As I said, these are more or less conventional symptoms of geopolitical decline: Great powers still go through the motions but increasingly ineffectually. But what the Council on Foreign Relations types often miss is that, for the man in the street, decline can be very pleasant. In Britain, France, Spain, and the Netherlands, the average citizen lives better than he ever did at the height of Empire. Today’s Europeans enjoy more comfortable lives, have better health, and take more vacations than their grandparents did. The state went into decline, but its subjects enjoyed immense upward mobility. Americans could be forgiven for concluding that, if this is “decline,” bring it on.

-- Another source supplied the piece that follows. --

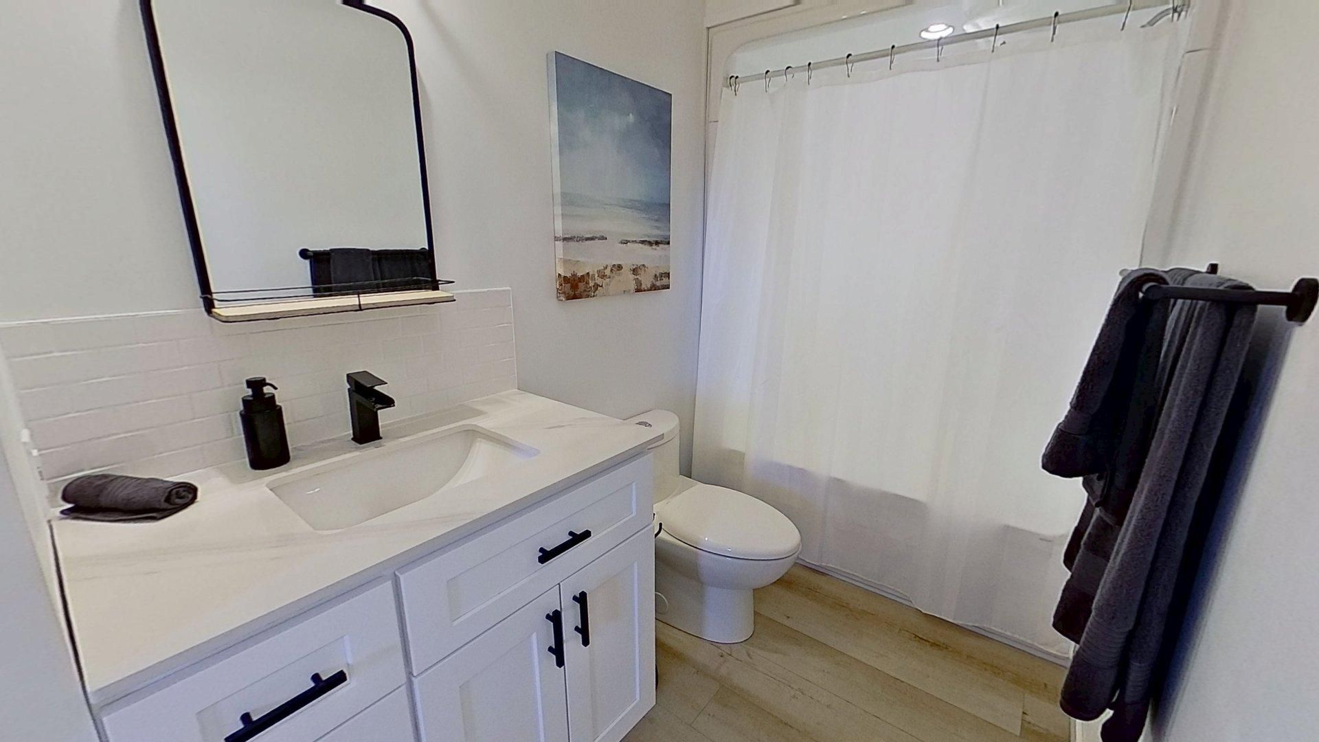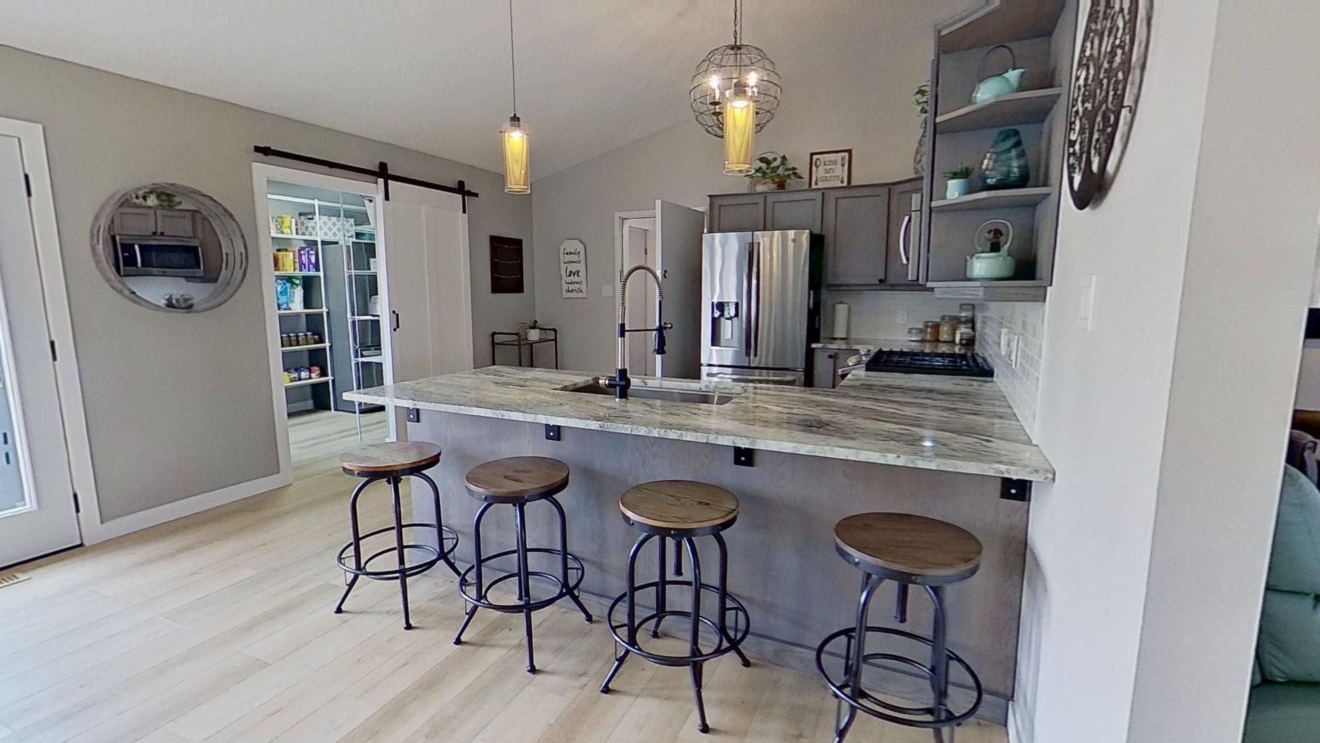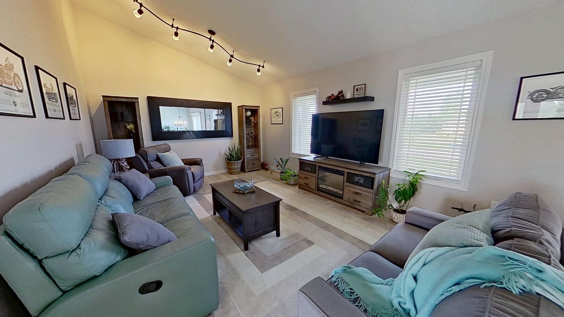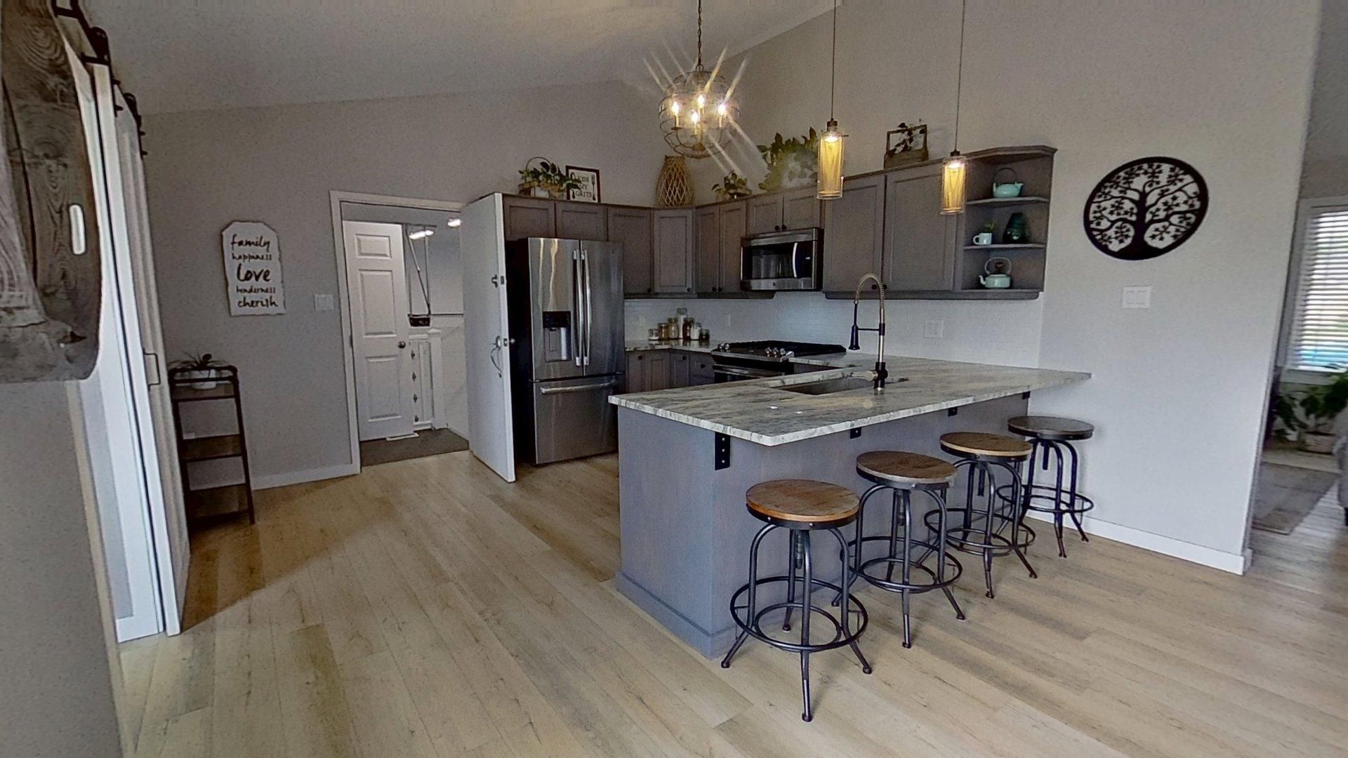 • Open concept living area with new appliances and granite countertops.

But it’s not going to be like that for the United States: Unlike Europe, geopolitical decline and mass downward mobility will go hand in hand. Indeed, they’re already underway. Whenever the economy goes south, experts talk of the housing “bubble,” the tech “bubble,” the credit “bubble.” But the real bubble is the 1950 “American moment,” and our failure to understand that moments are not permanent. The United States emerged from the Second World War as the only industrial power with its factories intact and its cities not reduced to rubble, and assumed that that unprecedented preeminence would last forever: We would always be so far ahead and so flush with cash that we could do anything and spend anything and we would still be Number One. That was the thinking of Detroit’s automakers when they figured they could afford to buy off the unions. The industrial powerhouse of 1950 is now a crime-ridden wasteland with a functioning literacy rate equivalent to West African basket-cases. And yes, Detroit is an outlier, but look at the assumptions its rulers made, and then wonder whether it will seem quite such an outlier in the future.

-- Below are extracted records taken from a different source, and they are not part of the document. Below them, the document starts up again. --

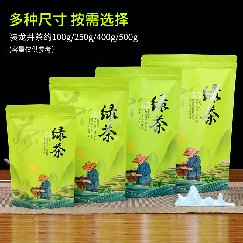 茶叶包装袋子自封袋通用牛皮纸绿茶密封袋子二两半斤茶叶礼品袋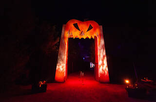 A nighttime scene with a large, illuminated orange and black pumpkin-shaped archway in the center. The archway is surrounded by a dark, tree-lined path with red lights leading up to it. To the left of the archway, there is a small, dark figure with a glowing red light source, possibly a lantern. To the right, there is a small, dark figure with a glowing red light source, also possibly a lantern. The ground is covered with red gravel, and the overall atmosphere is eerie and festive. | Halloween Road 2021 | 04fdb38fcc720f6005a00c5ef994ba80fe14c5eaaff8866d585bc2ac52ebff3c | 000720935965 | 0 | 0 | 86 | 3 | 0 | 0 | |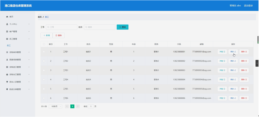员工管理,在员工管理页面可以对索引、工号、姓名、性别、年龄、职务、手机、邮箱等信息进行详情,修改和删除等操作,如图5-4所示。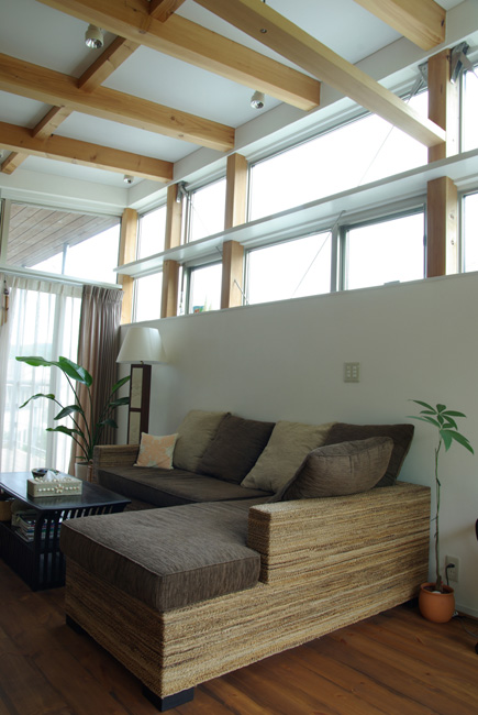 また、内部から繋がる大きな軒下のバルコニーを東西面に取り、カーテンに頼らず開けっ放しでの生活が快適に行える住まいとなっています。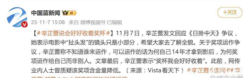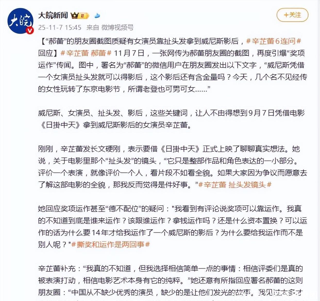 一座尼斯影后奖杯,竟炸出了满城风雨。11月7日,辛芷蕾用一串火药味十足的“六连问”正面硬刚质疑,把“《日掛中天》获奖威尼斯影后是否有黑幕”的争议推上了舆论浪尖。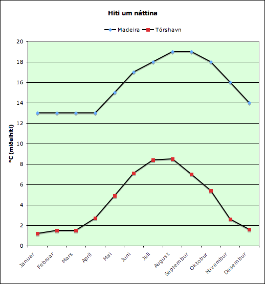 Føroyar liggja í Norðuratlantshavi, meðan Madeira liggur munandi longur suðuri, men eisini í Atlantshavi. Hvørjir eru munirnir av tí ymisku...

Take, for example, the complaints of the young Americans currently “occupying” Wall Street. Many protesters have told sympathetic reporters that “it’s our Arab Spring.” Put aside the differences between brutal totalitarian dictatorships and a republic of biennial elections, and simply consider it in economic terms: At the “Occupy” demonstrations, not-so-young college students are demanding that their tuition debt be forgiven. In Egypt, half the population lives in poverty; the country imports more wheat than any other nation on the planet, and the funds to do that will dry up in a couple months’ time. They’re worrying about starvation, not how to fund half a decade of Whatever Studies at Complacency U.